To conduct financial transactions on the Q.T., rogue states increasingly look to Ethereum as their preferred blockchain. Virgil Griffith, a former researcher with the Ethereum Foundation, was given a 63-month prison term in April for his 2019 trip to North Korea, where he gave officials instructions on how to “circumvent the current restrictions.”
The break is over
While some of these same critics nevertheless complied with the blacklisting out of fear that they too would discover the foolishness of defying federal authorities, prominent “crypto” bros like Kraken’s Jesse Powell condemned OFAC’s targeting of Tornado Cash and the associated blacklisting of Ethereum addresses that utilized the service.
Following the OFAC announcement, Circle, a member of the organization that creates the U.S. Dollar Coin stablecoin, froze a sizable amount of USDC linked to sanctioned addresses, inciting screams of outrage from the “code is law” crowd. However, Circle is a U.S.-based corporation (as is Kraken), which makes it extremely vulnerable to backlash should it be perceived as openly defying American authorities.
Tether, a competitor of Circle’s, has stated this week that it is not a U.S. person, does not operate in the United States, and does not accept U.S. citizens as customers. Tether is the largest stablecoin by market cap, but not by reserve assets. Tether then made an attempt to score some brownie points with the crypto community by asserting that it was “holding firm” and not “unilaterally freezing” USDT tokens in privately owned digital wallets associated with alleged criminal activities.
Tether, however, quickly lost its self-flattering bluster when it acknowledged that it had not yet received any direct requests from American authorities regarding Tornado-linked wallets despite the fact that it “normally complies” with such requests. To put it another way, Tether is a proud and tall device until it is asked to bend the knee, at which point it collapses like a cheap hooker who was punched in the stomach by a fat man with open sores on his face.
Of course, if blockchain-based entities want to one day leave their underground ghettos and take a permanent position in the mainstream finance sector, they shouldn’t have any trouble complying with legal requests to reduce criminal activity. But time and time again, crypto bros choose to act out in public, yelling that they want to stay at the playground all the time.
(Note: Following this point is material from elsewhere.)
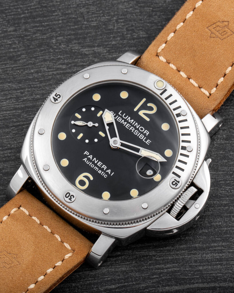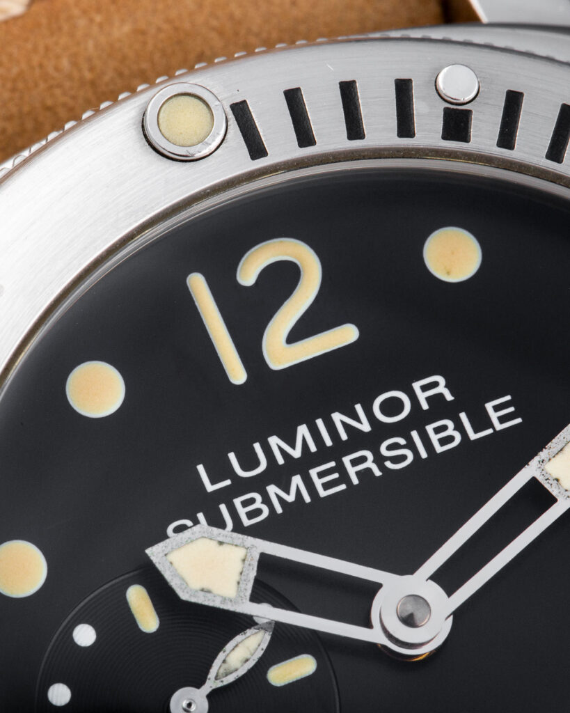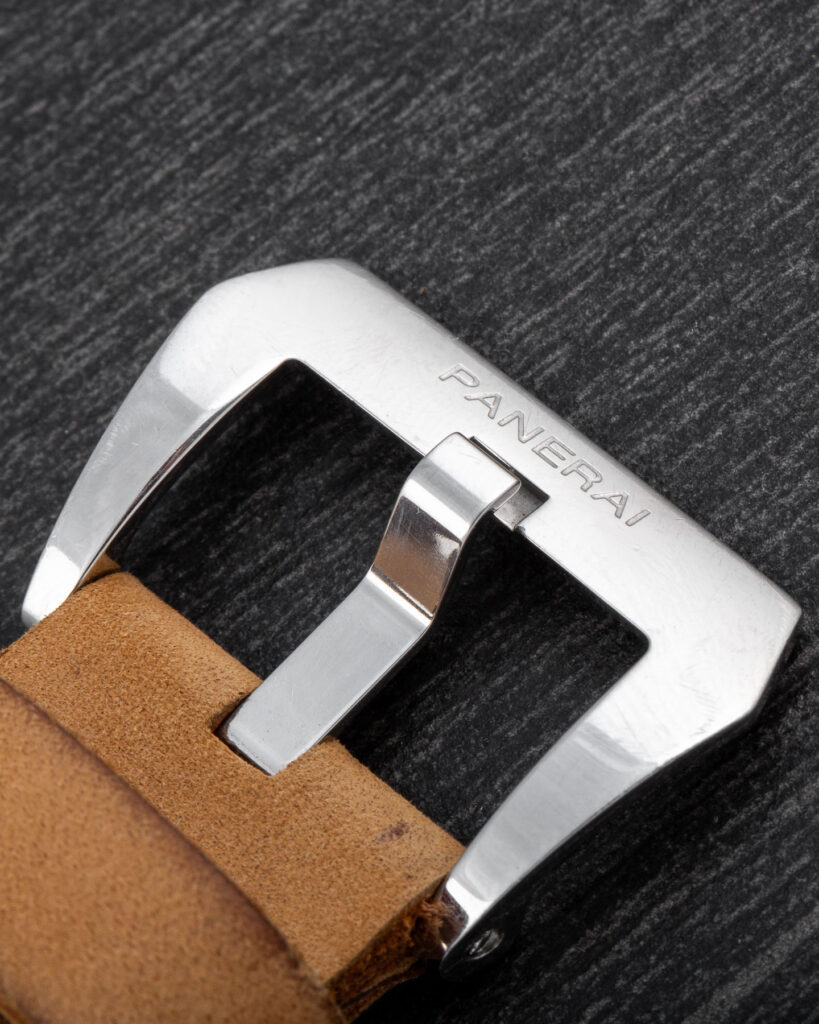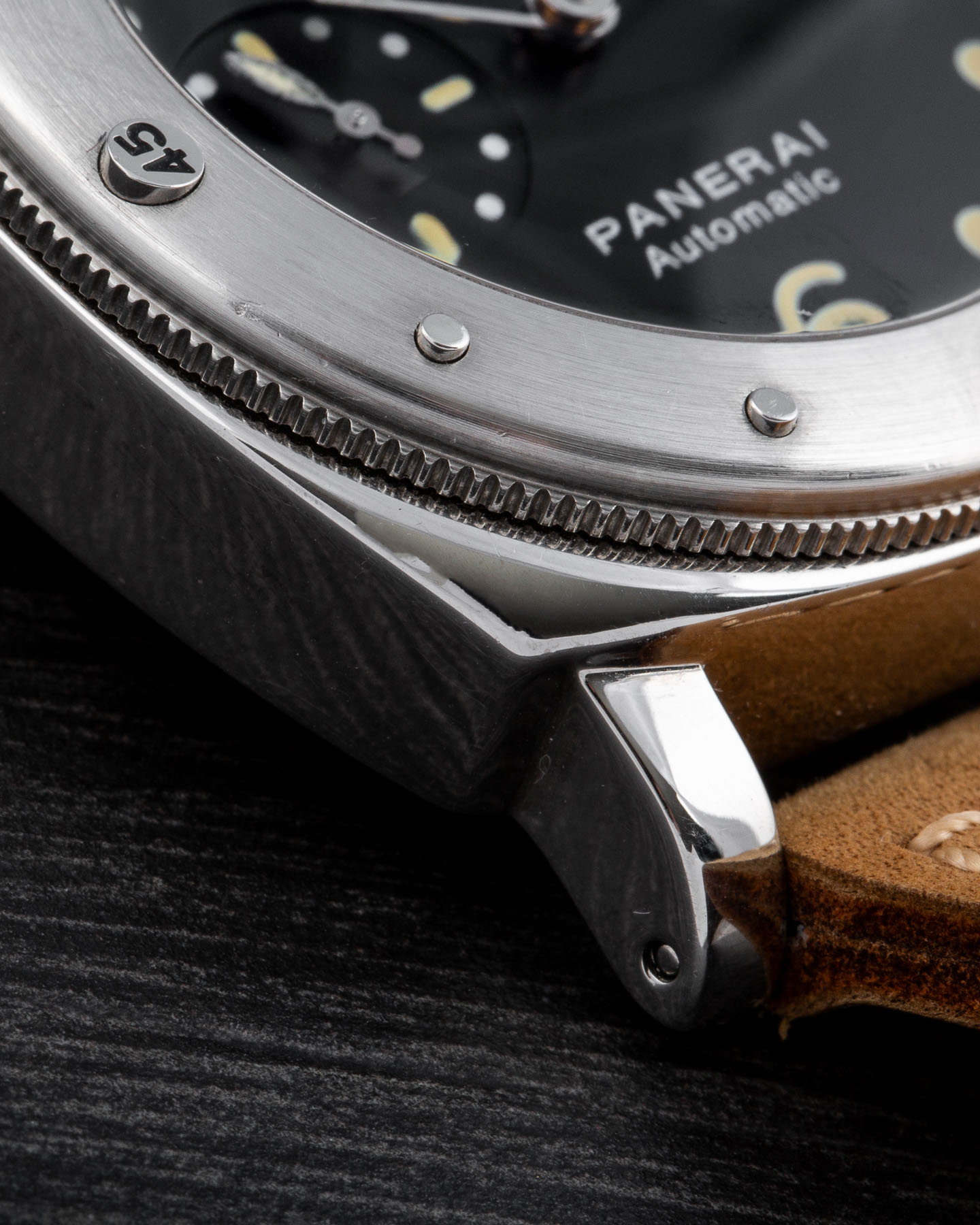 It is a Panerai of rare beauty, especially when found in this configuration with a tritium dial. Produced in only 2,500 pieces, just a small number were fitted with tritium dials; later examples feature Luminova dials, much whiter and lacking the warm yellow patina that tritium develops over time — a key element of this watch’s charm.
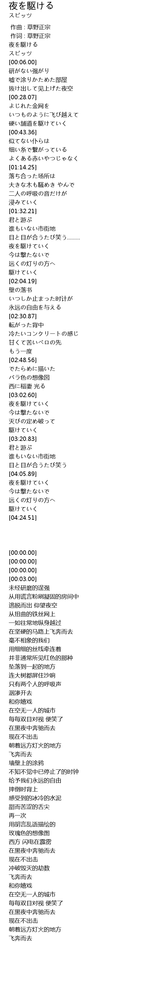 | [00:00.00] | 夜を駆ける |

Since it was built from the ground up to work with financial authorities and within existing systems, Bitcoin SV (BSV) is essentially unique among blockchains. This allows it to avoid fruitless discussions about dismantling and replacing the financial and legal systems as we know them. Code is not law; law is law, after all. As Nicholas Weaver recently put it, those who insist otherwise will OFAC Around and Find Out.